海辺でKindle読んでたら2020年の選挙はバーニー・サンダース氏を応援してほしいという支援者に話しかけられた。詳しく話を聞きたかったのにカナダ人だから投票はできないと言った途端にすごい勢いで去っていってしまってシュン。あと咄嗟にI'm Canadianという言葉が出たことに自分で驚いた(国籍は今は日本です)。ハワイの地元の人にどこから来たの?と聞かれたら少し返答に困る。I'm originally from Tokyo but currently live in Vancouverが正確か。

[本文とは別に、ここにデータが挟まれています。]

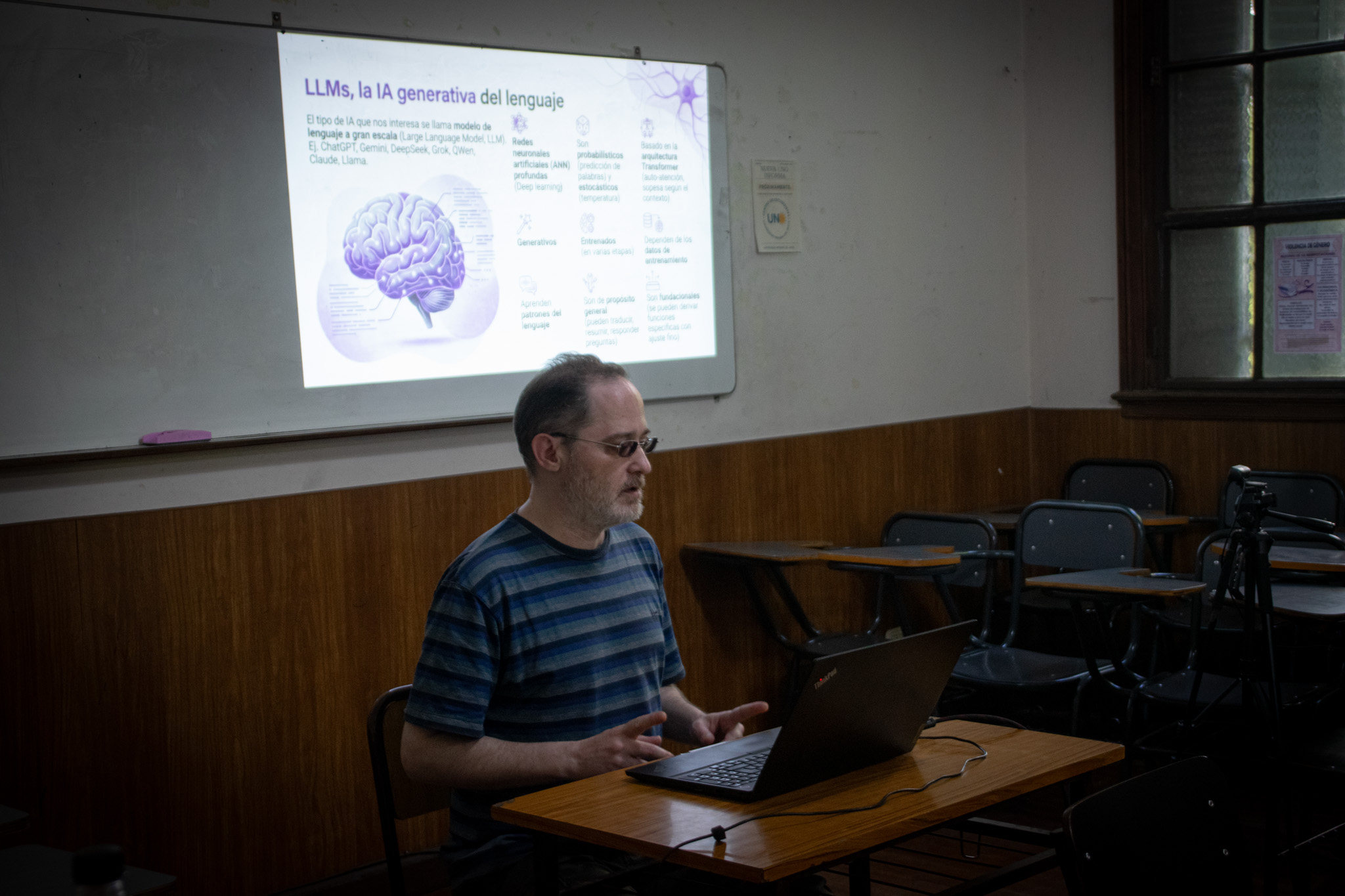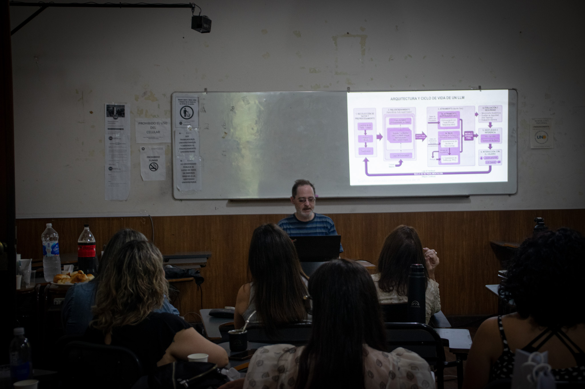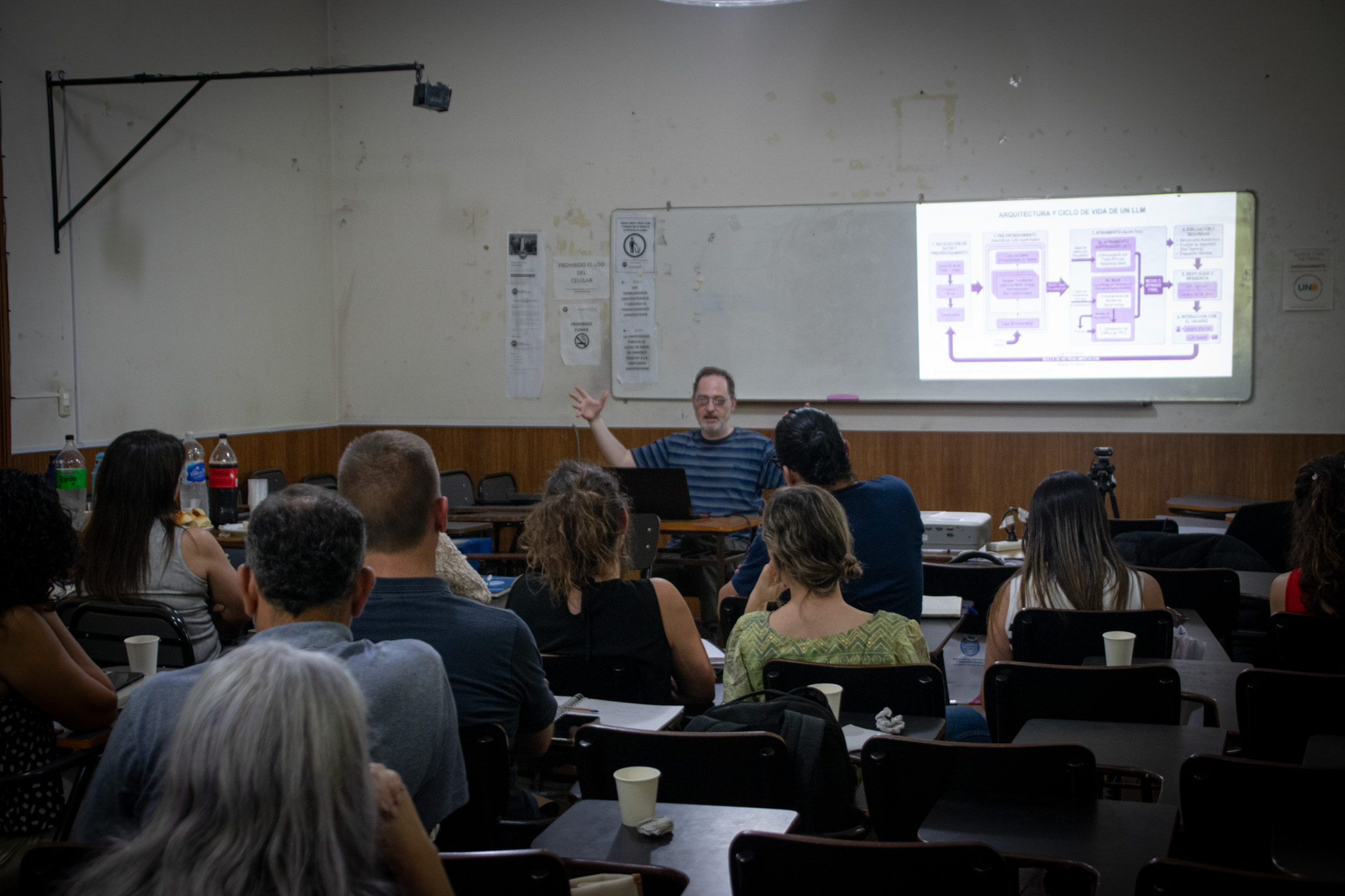 El miércoles 3 de diciembre se llevó a cabo el taller «Utilización de la inteligencia artificial en la investigación científica» dentro del Instituto de Cultura Popular y Pensamiento Nacional dirigido por la Lic. Gabriela Tozzi. Esta actividad fue dictada por el Dr. Lucas Samaruga como espacio de capacitación y discusión sobre el funcionamiento y uso de los modelos de lenguaje a gran escala (LLM) en investigación. En ella se abordaron los conceptos y principios funcionales de los modelos y técnicas de uso como la generación aumentada por recuperación (RAG) e ingeniería de prompt. El taller contó con la participación de directores/as e integrantes de proyectos de investigación y extensión del Instituto.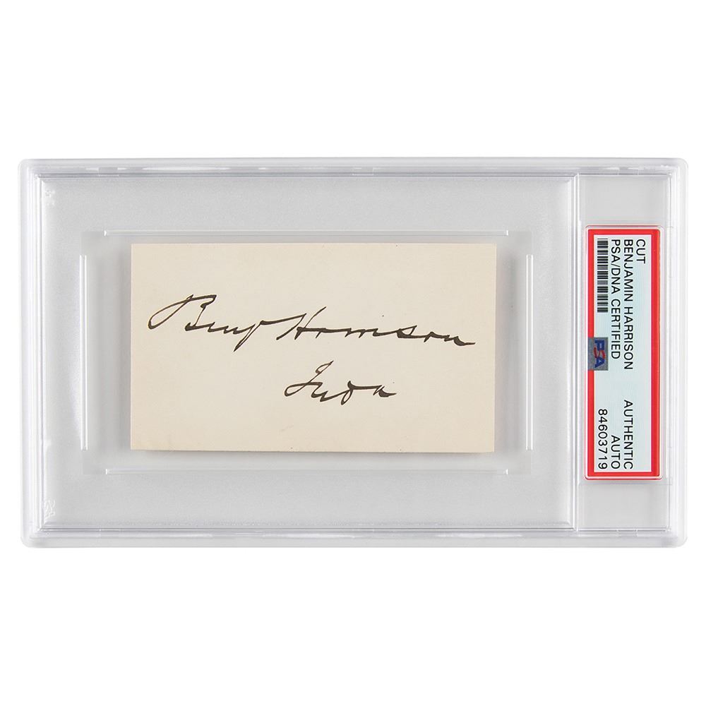 Ink signature, "Benj. Harrison, Ind'a,†on an off-white 4 x 2.25 card. In very fine condition. Encapsulated in a PSA/DNA authentication holder.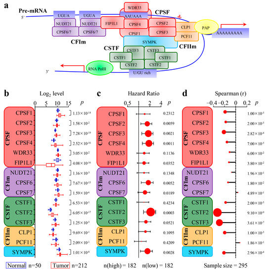 The effects of 3′-end formation complex components on HCC. (a) Illustration of the 3′-end formation complex. Scissor represents the cleavage site of CPSF. The arrow pointing right represents the direction of polyadenylation, while the arrow pointing left represents the direction of transcription. (b) The expression differences of each 3′-end formation complex component in HCC and PT tissues are compared using a box plot. The box plot visually represents the maximum and minimum values (shown at the end of the whiskers), the interquartile range (shown as the box), and the median (the line dividing the box into two parts). p-values are listed on the right. (c) Lollipop plot depicts the impact of each 3′-end formation complex component on the hazard ratio (HR) of HCC patients. The width of the line represents the 95% confidence intervals of each study, the dot on each line represents the HR of that study, and the size of the dot represents the “weight” of the study. p-values are listed on the right. HR is an index to judge whether the expression of a certain gene is a favorable or unfavorable factor for a patient’s survival. When the HR < 1 and p < 0.05, it indicates that high expression of the gene can lower the risk of death and improve patient survival. Conversely, when the HR > 1 and p < 0.05, it suggests that high expression of the gene increases the risk of death and reduces patient survival. (d) The correlation of each 3′-end formation complex component with the total circRNA level is analyzed by Spearman’s correlation test; the p-values are listed on the right.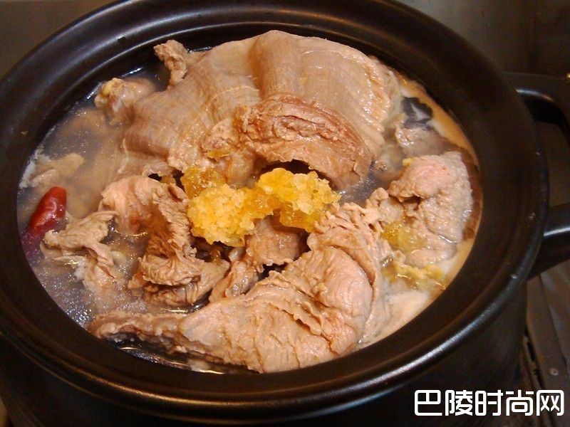 7盖上锅盖熬煮1.5H之后,再烫一把青江菜淋上牛油,就可以准备上桌了。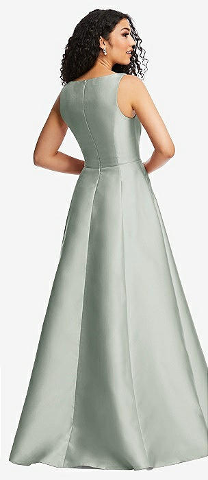Open Neckline Cutout Satin Twill A-Line Gown with Pockets in willow green

オアフ島はゴールデンウィーク後でも本当に本当にどこに行っても日本人ばかりで、車で遠出してもやっぱり日本人ばかりで、ビジネスも中国人でも韓国人でもなく日本人をピンポイントでターゲットにしているところがユニークだと思った。アラモアナビーチは結婚式の写真撮影に人気みたいで等間隔に並んだ新婚カップルが指示されたポーズをはにかみながら決めていた。多分みんな年下だよな。ああいうカップルってどういうセックスしてるんだろう。31歳にもなると同級生の結婚出産ラッシュもさすがに一段落し、なんなら離婚してる人も再婚している人もいる。うちらが一度も結婚してない間にすでに二回も経験してる人がいるとかすごいな。わたしは自分で掴んだフリーダムに永遠の愛を誓ったので病める時も健やかなる時もこれを抱きしめ歩んで参ります。

健康で独身で子供もいなくてお金にやっと余裕ができてフリーランスだから時間の融通も利いて、カナダのビザの心配もないしいま人生で一番自由な状態で、でもそれがいつまで続くかなんて保証はどこにもないから、今のうちにもっといっぱい旅するべきだとつくづく思った。次はどこに行こうかねえ、ゆっち。